On Sep 6, 2006, at 06:14, Nikolaos A. Patsopoulos wrote:
I have a huge pack of html files (>1000) and I want to extract some
info on cvs files.
------------------------------------------------------------------------
#!/usr/bin/perl
# Very simple script to parse a specific styled HTML document and output a file
# parsed with a delimiter.
#
# The folowing are the settings. Pick what you need.
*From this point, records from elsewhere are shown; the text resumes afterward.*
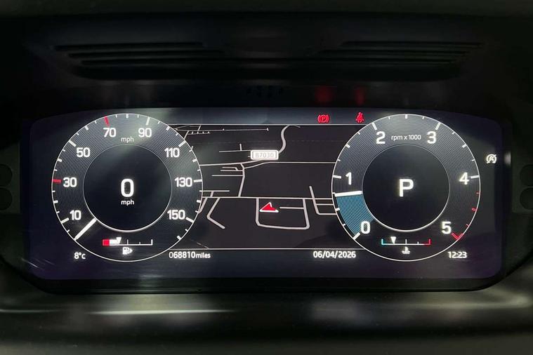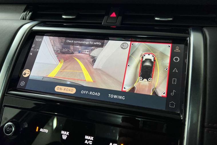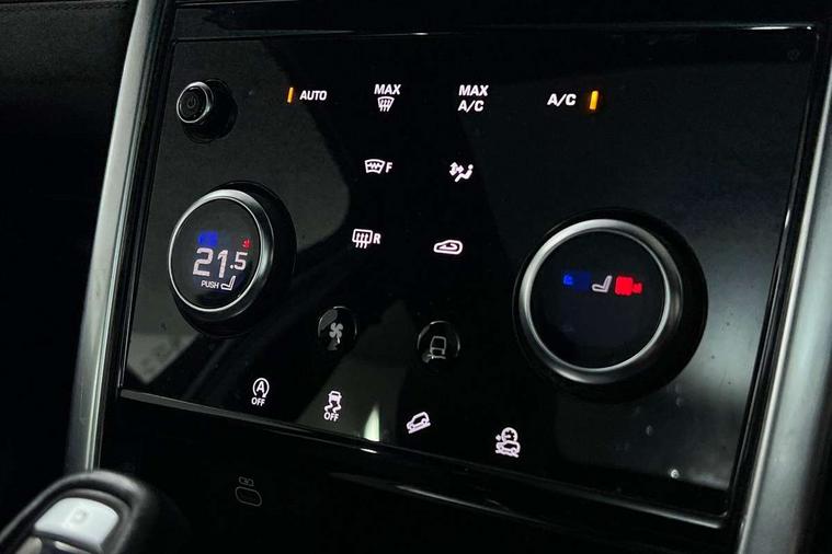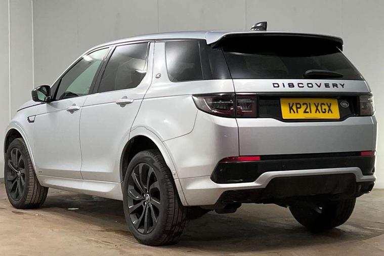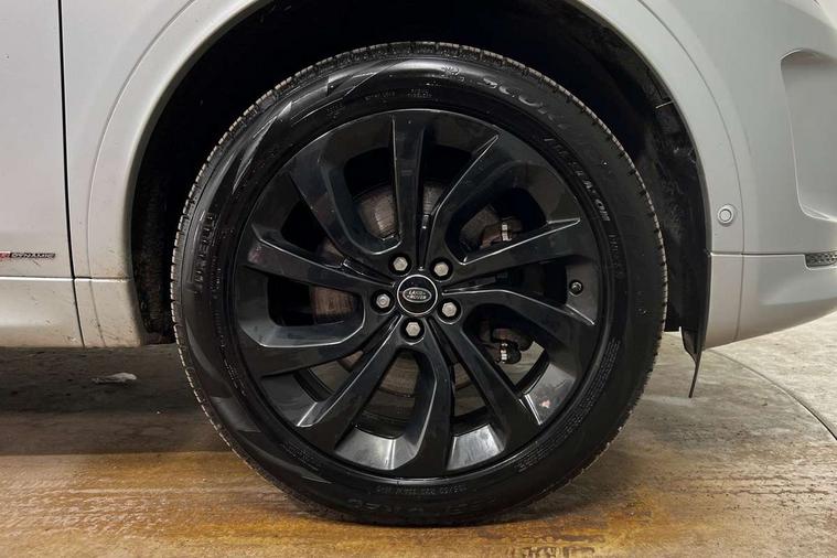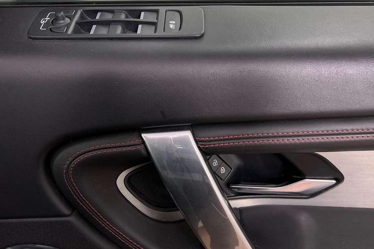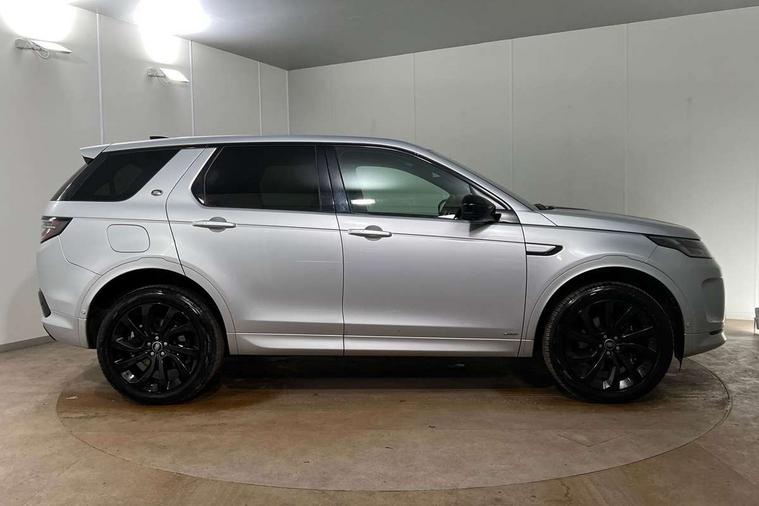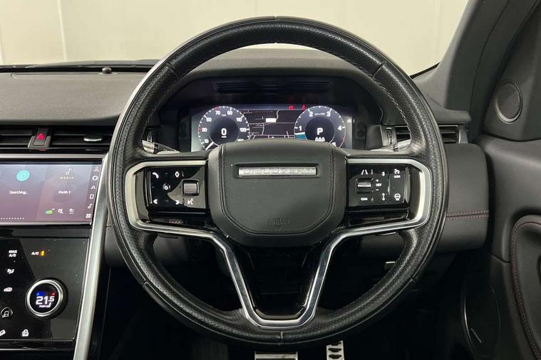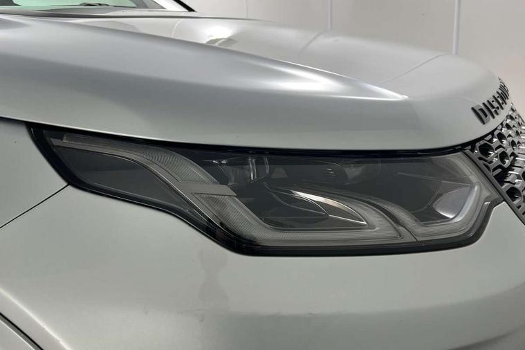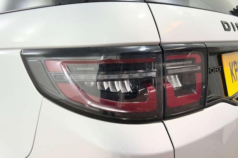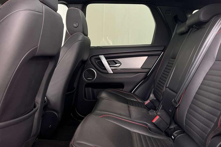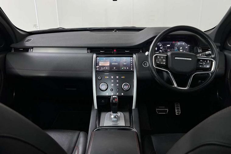 Centre stack rails in noble chrome, Black exterior pack - Discovery sport, Online pack - Discovery sport, Battery Back Up System (BBUS) with tilt sensor, Intrusion sensor, Keyless entry, Locking wheel nuts, Bluetooth connectivity including audio streaming, Digital Audio Broadcast radio-DAB, Steering wheel mounted audio controls, 3 point seatbelts on all seats, ABS, Brake hold function, CBC - (Cornering brake control), Collision mitigation braking system, Driver/Front Passenger airbags, Drivers knee airbag, Electronic brake force distribution, Electronic parking brake, Emergency brake assist, ESP + traction control, Hill descent control, Hill launch assist, Pedestrian airbag system, Rear seat ISOFIX, Side and curtain airbags for front and 2nd row seats, Trailer stability control, Tyre pressure monitoring system, Automatic headlight levelling, Automatic headlights, ClearSight interior rear view mirror, Door mirror memory, Electric front/rear windows, Fixed panoramic sunroof with powered sunblind, Illuminated metal front tread plates with R dynamic branding, Power fold, auto-dimming, heated door mirrors with approach lights, Rain sensing windscreen wipers, Rear fog lights, Rear side wing doors, Rear wiper, Bright metal pedals, Centre console with armrest, Front passenger isofix child seat attachment, Perforated full leather steering wheel, Rear headrests, Satin chrome gearshift paddles, Sunvisors with illuminated vanity mirrors, Third row dual adjustable individual seats, Tilt/reach adjustable steering wheel, 10" touch screen, 3D Surround Camera with 360 View, 180 Rear View, Front Traffic Detection, Forward Vehicle Guidance, Tow Hitch Assist and clear sight Ground View, Adaptive cruise control, Android Auto, Apple CarPlay, Blind spot assist, Clear exit monitor, Driver condition monitor, Front and rear parking aid, InControl remote premium, Interactive driver display, Lane keep assist, PAS, Pivi Pro connected navigation system with upgraded Infotainment, Powered tailgate/boot lid, Rear collision monitor, Rear traffic monitor, Rear view camera, Service interval indicator, Traffic sign recognition with adaptive speed limiter, Trip computer, Wade Sensing, All terrain progress control, Coil suspension system, Diesel particulate filter, Terrain Response 2,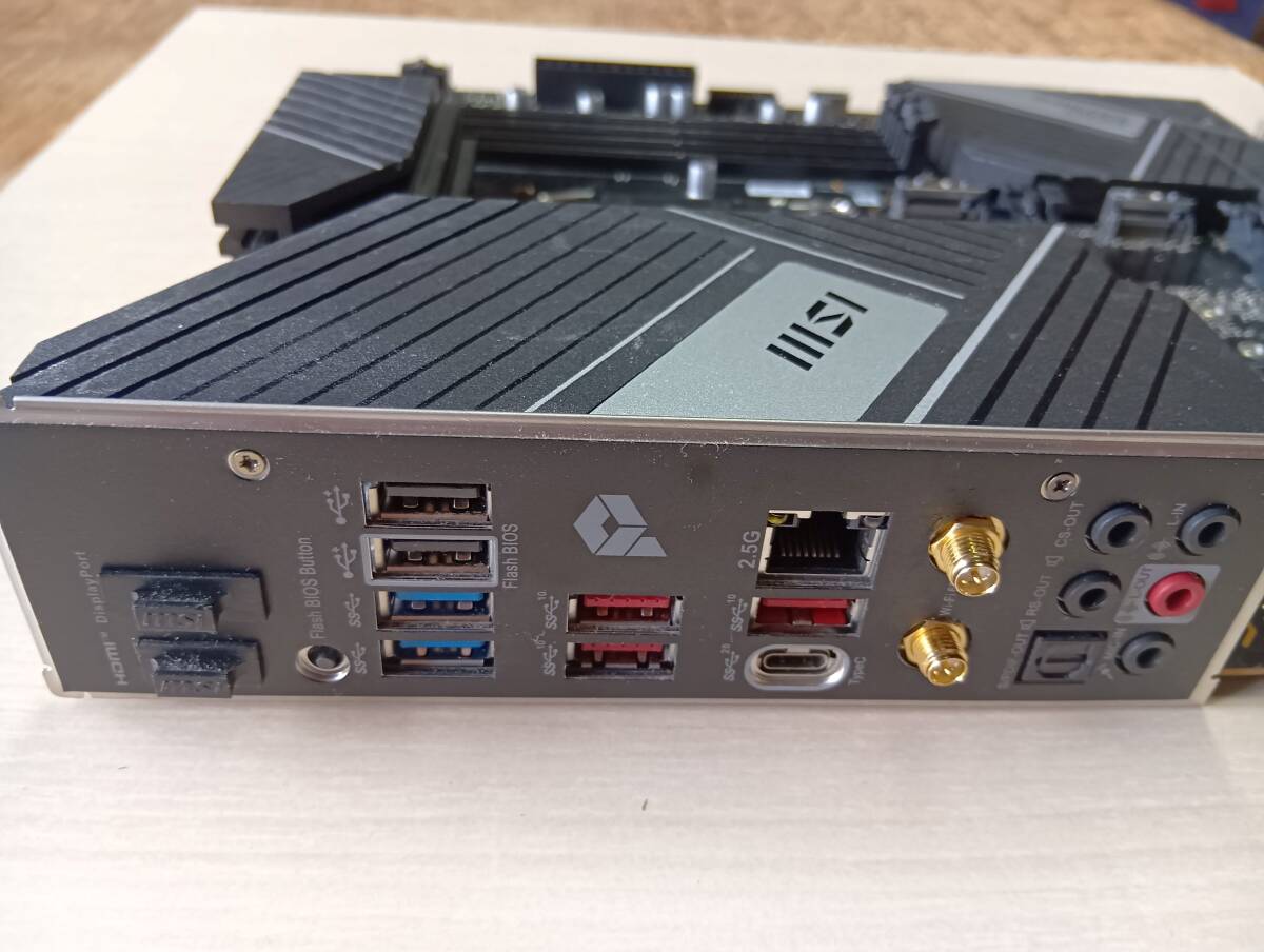 2、マザボ下側のM.2ヒートシンク固定ネジ1本が代替品使用してるのとその周辺傷があります。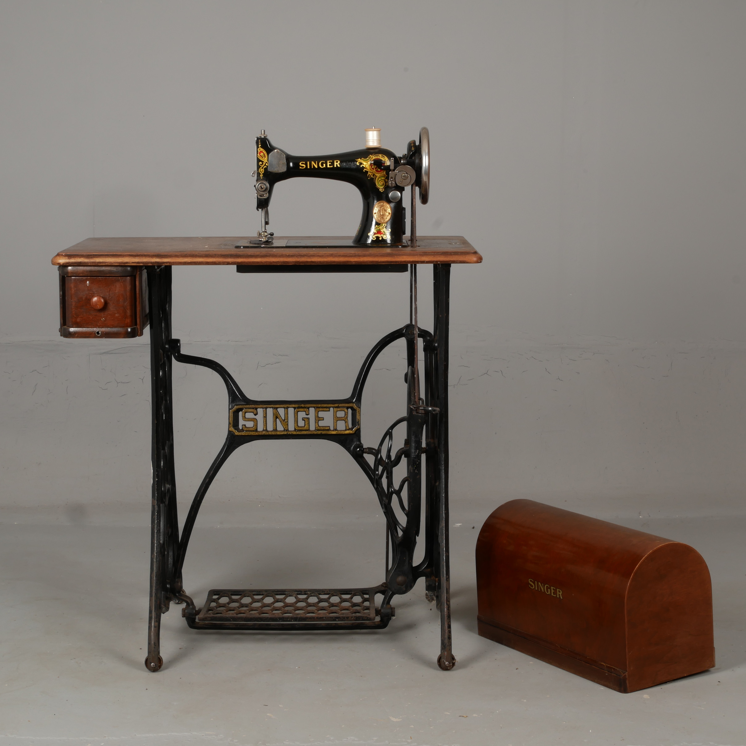 3041646. NÄHMASCHINE AUF EINEM BEIN-STAND. Sänger, 1925.

Using command line
# arguments left for the student.
$file = "portal_002.htm";
$output = "out.csv";
$csv_delim = ';';
$quiet = 0; # set this to 1 to stop debug output
$months_pat = "(JAN|FEB|MAR|APR|MAY|JUN|JUL|AUG|SEP|OCT|NOV|DEC)";
######
sub msg
{
my $str = shift;
my $line_no = shift;
if (!$quiet)
{
print $str;
if ($line_no ne "")
{
print " (line: $line_no)";
}
print "\n";
}
}
$line_no = 0; # used to track the line number.
open FD, "<$file" || die "Could not open file";
open OUT, ">$output" || die "Unable to open output file";
while ($line = <FD>)
{
$line_no++;
if ($line =~ /Source:/i)
{
$line =~ /$months_pat\s+[0-9]+\s+([0-9]+)/i;
$year = $2;
msg ("Found 'Source:'; Year = $year", $line_no);
}
elsif ($line =~ /Addresses:/i)
{
$line =~ /<a(\s.+?)?>(.+?)<\/a>/i;
$univ = $2;
$univ =~ s/^\s+//;
$univ =~ s/(\s+|[,;])$//;
# pull out the HTML &
$univ =~ s/&/&/gi;
msg (" Child Found 'Addresses:'; Univ = $univ", $line_no);
# Since this should be the end of the record write to file.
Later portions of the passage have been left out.